Public Health England have issued the following guidance:
Resumption of face-to-face stop smoking consultations and carbon monoxide (CO) monitoring:
Since March 2020, stop smoking services (SSS) have admirably maintained service delivery in response to the challenges of COVID-19 by adapting to remote smoking cessation consultations and maintaining provision of stop smoking medication. CO monitoring was paused across all stop smoking interventions as a consequence.
Face-to-face behavioural support
Behavioural stop smoking support may now be resumed in person, face-to-face, by following government COVID-19 guidance. This is in line with the resumption of other public health interventions, including drug and alcohol support and treatment by community healthcare providers.
Providers of community healthcare services (such as SSS) should ensure that measures are in place so that all service delivery settings are COVID-19 secure, including using social distancing, staff and service users wearing face masks (with a supply of disposable masks available for users who arrive without one), optimal hand hygiene, frequent surface decontamination, ventilation and other measures where appropriate. SSS should also advise/remind clients not to attend appointments if they have any COVID-19 symptoms.
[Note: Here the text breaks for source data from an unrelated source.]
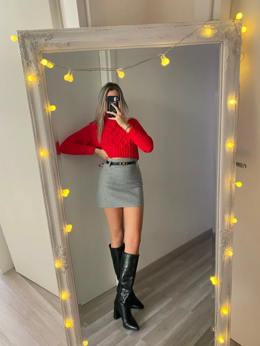 Gonna in tweed foderata non elasticizzata con cintura inclusa. Vestibilità ridotta
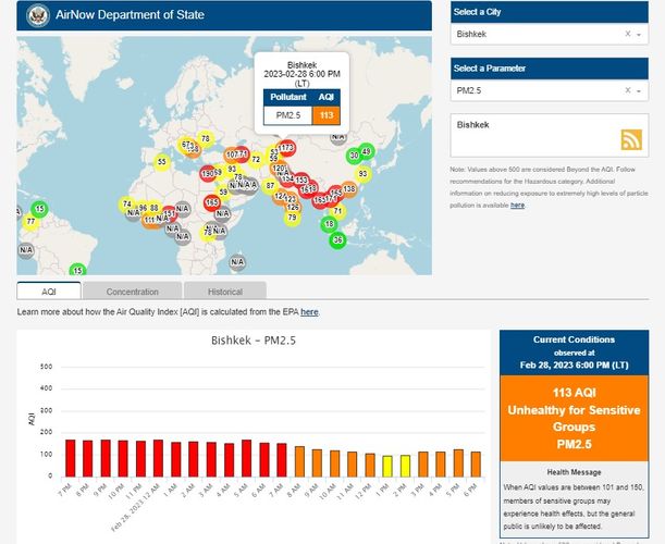 Посольство США в Кыргызстане также установило станцию. Информация обновляется каждый час. Индекс качества воздуха в районе дипломатической миссии «нездоровый для чувствительных групп» — 113 (AQI).
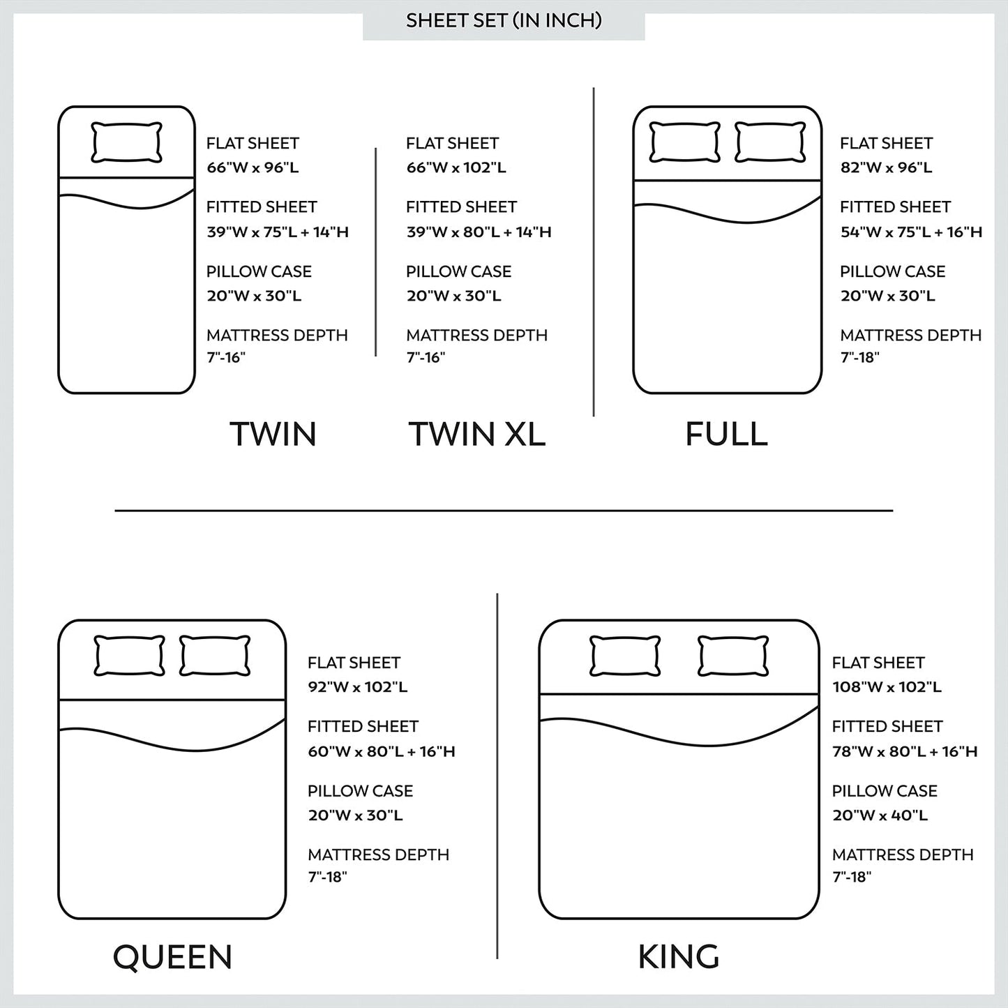 • Twin & Twin XL sizes come with 1 pillowcase, 1 fitted sheet & 1 flat sheet

Measures should be reviewed and adjusted along with any changes in local or national government advice.
Public Health England guidance: New recommendations for primary and community health care providers in England (October 2020)
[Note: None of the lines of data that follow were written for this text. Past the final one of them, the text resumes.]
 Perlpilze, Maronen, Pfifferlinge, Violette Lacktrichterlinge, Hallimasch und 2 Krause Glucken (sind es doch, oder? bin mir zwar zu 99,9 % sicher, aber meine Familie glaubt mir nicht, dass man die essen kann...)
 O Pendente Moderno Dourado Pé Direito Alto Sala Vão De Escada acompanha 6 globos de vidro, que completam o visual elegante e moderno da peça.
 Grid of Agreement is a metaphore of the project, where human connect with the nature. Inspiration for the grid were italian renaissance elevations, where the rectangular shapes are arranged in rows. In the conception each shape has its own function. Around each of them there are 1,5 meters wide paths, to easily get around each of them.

Any decision by service providers to resume face-to-face provision should be considered alongside local coronavirus restrictions, as well as operational practicalities within the stop smoking service. Remote behavioural support remains a practical option for continuity of stop smoking provision, where services consider that this remains the best local option.
Carbon monoxide (CO) monitoring
CO monitoring is evidence-based and recommended by the National Institute for Health and Care Excellence (NICE). It is an effective tool for reinforcing motivation during quit attempts as well as validating outcomes, and it is also routinely used by healthcare professionals to identify smokers as part of referral pathways into support to quit.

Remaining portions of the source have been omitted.